D’autres personnes résistent à ces changements par peur de ne plus se reconnaître, ou d’avoir le sentiment de laisser derrière elles une partie importante de leur histoire.
La croissance post-traumatique est souvent discrète, contradictoire, et parfois inconfortable. Elle ne ressemble pas à un progrès clair, mais à une transformation intérieure floue, qui coexiste longtemps avec la douleur, la colère ou le vide.
Croître à son rythme
La croissance post-traumatique ne survient pas immédiatement.
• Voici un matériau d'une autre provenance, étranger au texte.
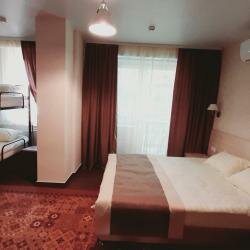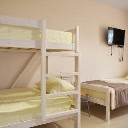 Четырехместный номер с двухспальной кроватью и двухъярусной кроватью или с четырьмя односпальными кроватями . Полностью оснащен всем необходимым: полотенца, тапочки, косметические принадлежности,кухонный гарнитур, чайник, микроволновая печь, столовые
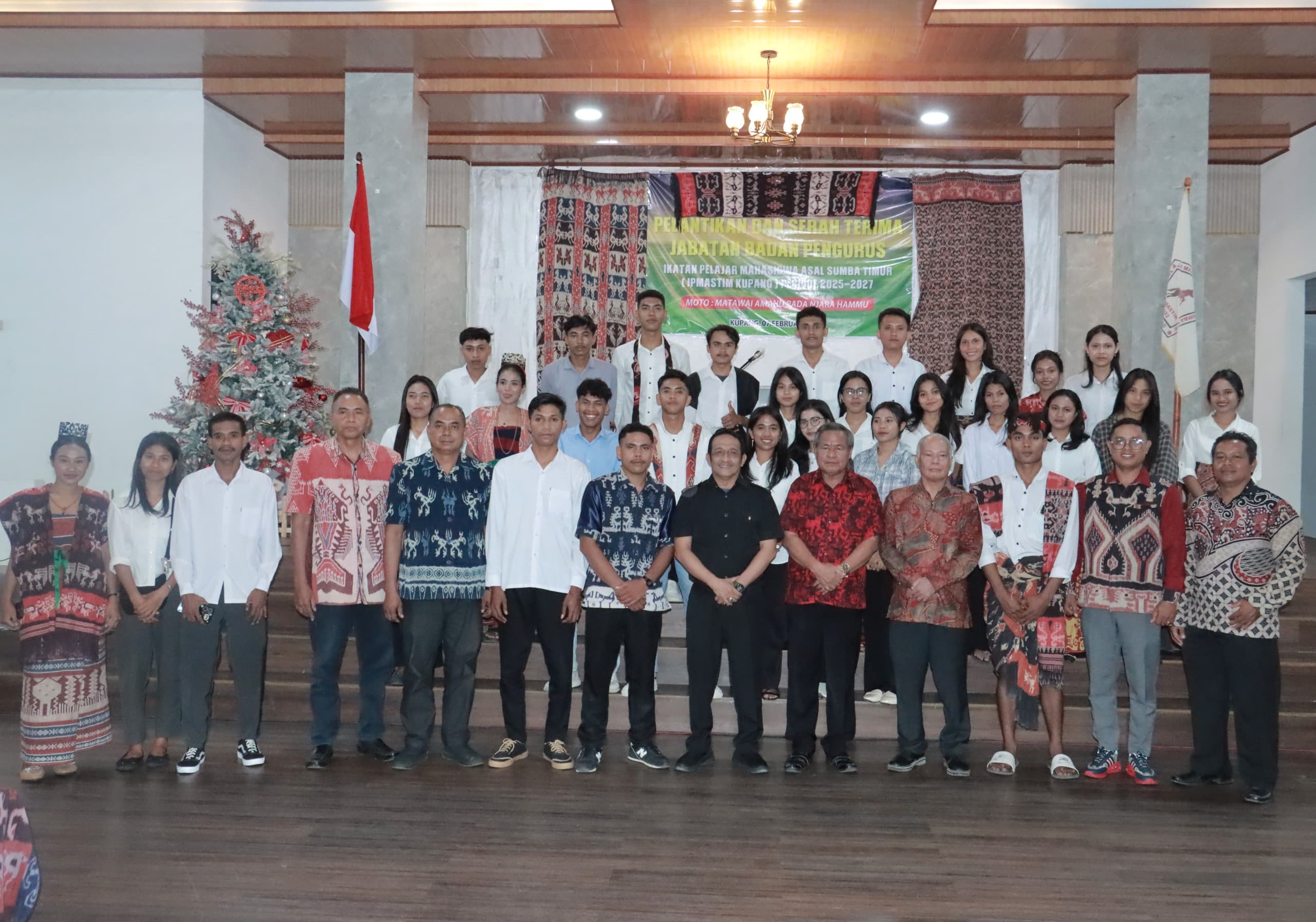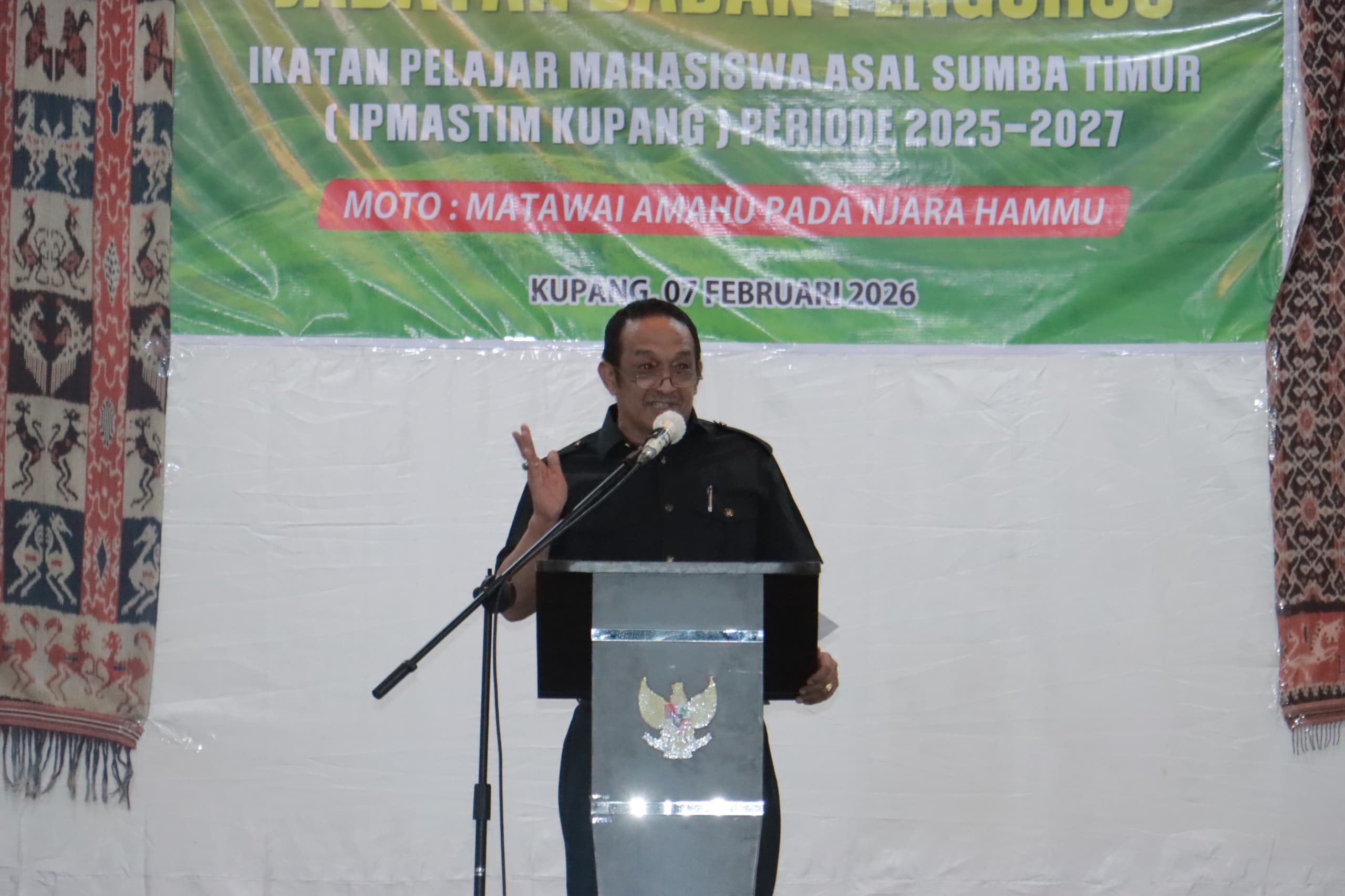 Sekretaris Daerah Kota Kupang, Jeffry Edward Pelt, S.H., menghadiri pelantikan pengurus baru Ikatan Pemuda Mahasiswa Asal Sumba Timur (IPMASTIM) Kupang periode 2025–2027, Sabtu (7/2), di Aula Rumah Jabatan Wali Kota Kupang.

Elle peut mettre des mois, voire des années, à émerger. Un changement trop rapide peut parfois être un mécanisme de défense, une tentative d’éviter la souffrance.
Et surtout, elle ne peut jamais être imposée. Dire à quelqu’un « tu vas voir, tu vas grandir de ça » est blessant. La croissance authentique émerge après l’accueil de la douleur.
Ressources collectives et individuelles
Les Israéliens vivent sous une pression psychique intense. Pourtant, l’histoire et le quotidien montrent une résilience collective et individuelle remarquable : solidarité, humour, créativité, liens communautaires, capacité à s’adapter et à continuer.
Cela ne rend pas la douleur plus légère, ni plus acceptable, mais peut parfois aider à ne pas la porter seul(e).
En quelques mots
Le TSPT, la douleur et la peur sont réels.
Mais la capacité humaine à se relever l’est aussi.
Parfois, doucement, presque imperceptiblement, la vie psychique se réorganise autrement. Pas comme avant — mais avec une profondeur, une force et une clarté nouvelles.
Et personne n’a à faire ce chemin seul : la thérapie, la communauté, la famille, les amis, le soutien — tout cela peut faciliter la reconstruction.
C’est cela, la croissance post-traumatique :La preuve que même lorsque le monde s’effondre, l’être humain conserve une capacité remarquable à se reconstruire. Malgré tout, quelque chose en nous continue de vivre, d’avancer, de chercher du sens.